The code above creates two 1000-element integer arrays and fills them with random numbers, then sums those two arrays to a third array, and finally sums the third array to a long int and prints the result.

I compiled the code with the command line: gcc -O3 -o vect vect.c
The -O3 - allows options for vectorization.

Here is a portion of the objdump of main:


  402388: 91420222  add x2, x0, #0x80, lsl #12
  40238c: 3c407c00  ld1 {v0.2d}, [x0]
  402390: 3cdf7c21  ld1 {v1.2d}, [x1], #16
  402394: 3e61d400  fadd v0.2d, v0.2d, v1.2d
  402398: 4c9f2c00  st1 {v0.2d}, [x0], #16
  40239c: eb02001f  cmp x0, x2

Looking at the objdump, the intrsuctions new to me are st1 and ld1. Looking it up,st1 stores a single element structure to one lane of of one register. ld1 on the other hand loads a single element structure instead. Those two commands seem to help the process of vectorization.

Algorithm Selection

During this lab, the class was tasked with two separate ways of scaling a sound sample. The first was a signed 16 bit integer with a scaling factor expressed as a floating point. The second was with a pre computed lookup table. The class would have to find out which approach is the fastest and for different architectures.

The following code is the cut down version for easier understanding and would not run directly as is:


#define MAX 1550000
#define FACTOR 0.500

int main() {
        int16_t* meth1 = (int16_t*) malloc(MAX * 2);
        int16_t* meth2 = (int16_t*) malloc(MAX * 2);
        int i;
        sample = (int16_t*) malloc(32768 * 2);
        int16_t* sound;
        sound = (int16_t*) malloc(MAX * 2);
        for(i=0;i<MAX;i++){
                sound[i] = rand() % 65536 - 32768;
        }

        for(i=0;i<MAX;i++){
                meth1[i] = method1(sound[i],FACTOR);
        }


        for(i=0;i<32769;i++){
                sample[i] = i * FACTOR;
        }
        for(i=0;i<MAX;i++){
                meth2[i] = method2(sound[i],FACTOR);
        }
        return 0;
}

// Method 1 Calculate result each time
int16_t method1(int16_t s,float f){
        return s*f;
}
// Method 2 Using Lookup Table to get result;
int16_t method2(int16_t s,float f){
        int16_t result;
        if(s >= 0){
                result = sample[s];
        }
        else{
                result = -sample[-s];
        }
        return result;
}
One thing to keep in mind for the code to work is that many of the variables need to be used in some shape or form.
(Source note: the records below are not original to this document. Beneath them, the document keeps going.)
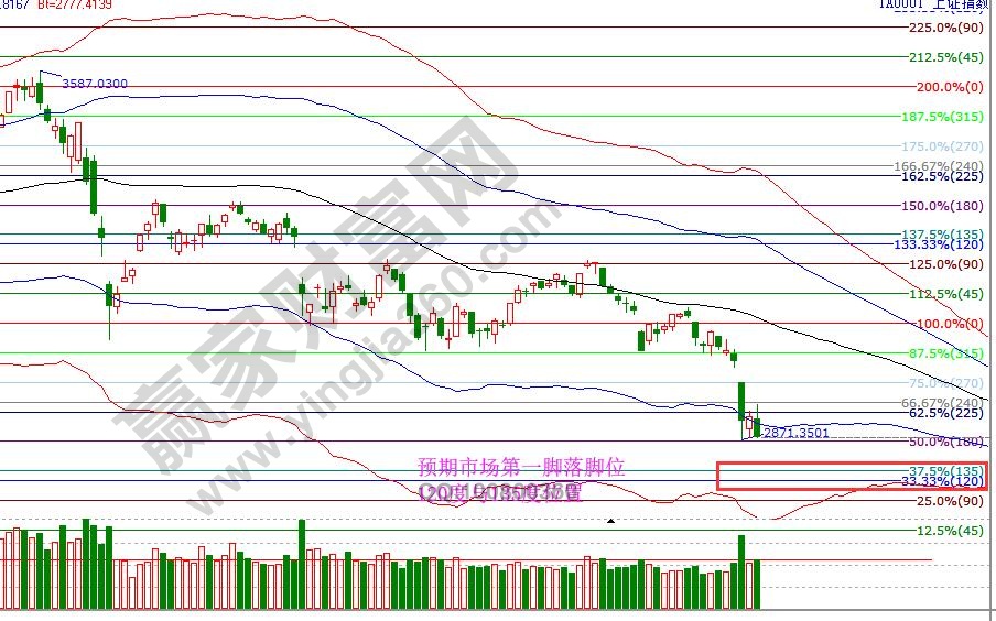 大盤日K線百分比180度2868點(diǎn)短暫的歇腳位及提示弱反的空間已實(shí)現(xiàn),22號(hào)對(duì)此線進(jìn)行考驗(yàn),失守則向下是120度和135度2791--2809位置,這里存在形成像樣反彈的概率較大,趨勢(shì)工具極反通道也支持再次快速下跌的周期共振,等待贏家江恩工具信號(hào)。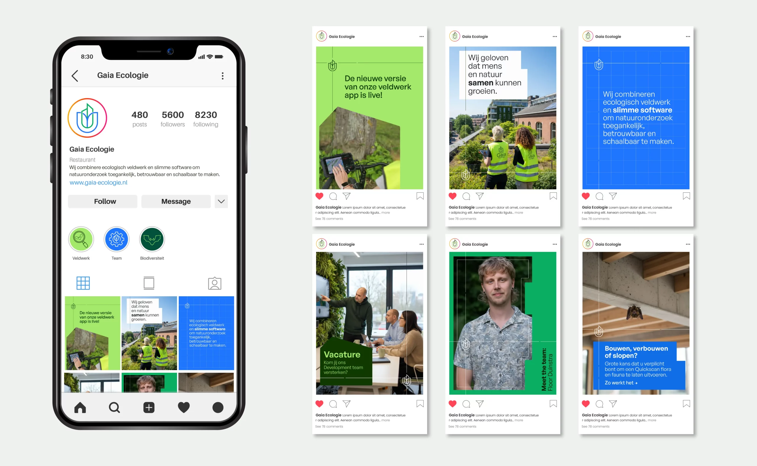 Voor Gaia Ecologie had ik de uitdaging om een visuele identiteit te ontwikkelen die past bij hun missie: bouwen aan een wereld waarin mens en natuur samen groeien. Anders dan veel ecologiebedrijven onderscheidt Gaia zich met een eigen ontwikkelde portal. In de nieuwe stijl wilden we daarom de combinatie van natuur en technologie samenbrengen.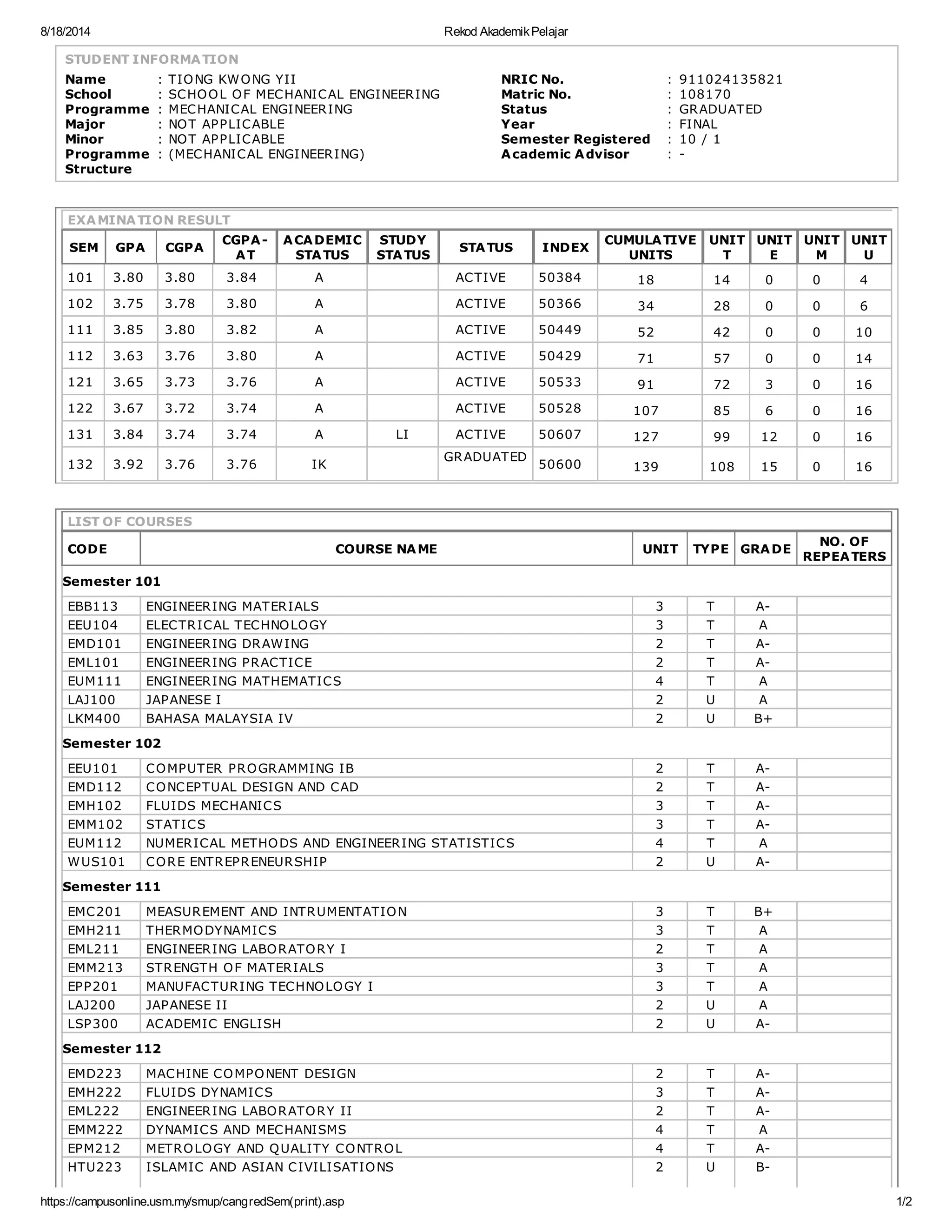 This document contains a student's academic record from the School of Mechanical Engineering at USM. It includes the student's personal information, examination results, academic status over 8 semesters, lists of courses taken each semester, and final cumulative units. The student graduated with a CGPA of 3.76, maintaining an A academic status throughout their studies and completing 139 cumulative units, fulfilling the 135 units required for graduation in the Mechanical Engineering program.

Some of the optimizations of the compiler cause certain operations to not waste time calculating if not used in another place. I've removed those parts above in the sample code to reduce verbose.

The results between the x86_64 system and ARMv8 system are as following:


System Scaling Lookup
x86_64 ~0.169ms ~0.166ms
ARMv8 ~0.95ms ~0.44ms

From the results above we can see that the implementation of the problem was best run on the x86_64 system. As it probably has better hardware for faster processing. However, what's interesting to note is that the lookup performed much better on the ARMv8 compared to the scaling. The x86_64 system didn't see as much as a performance difference.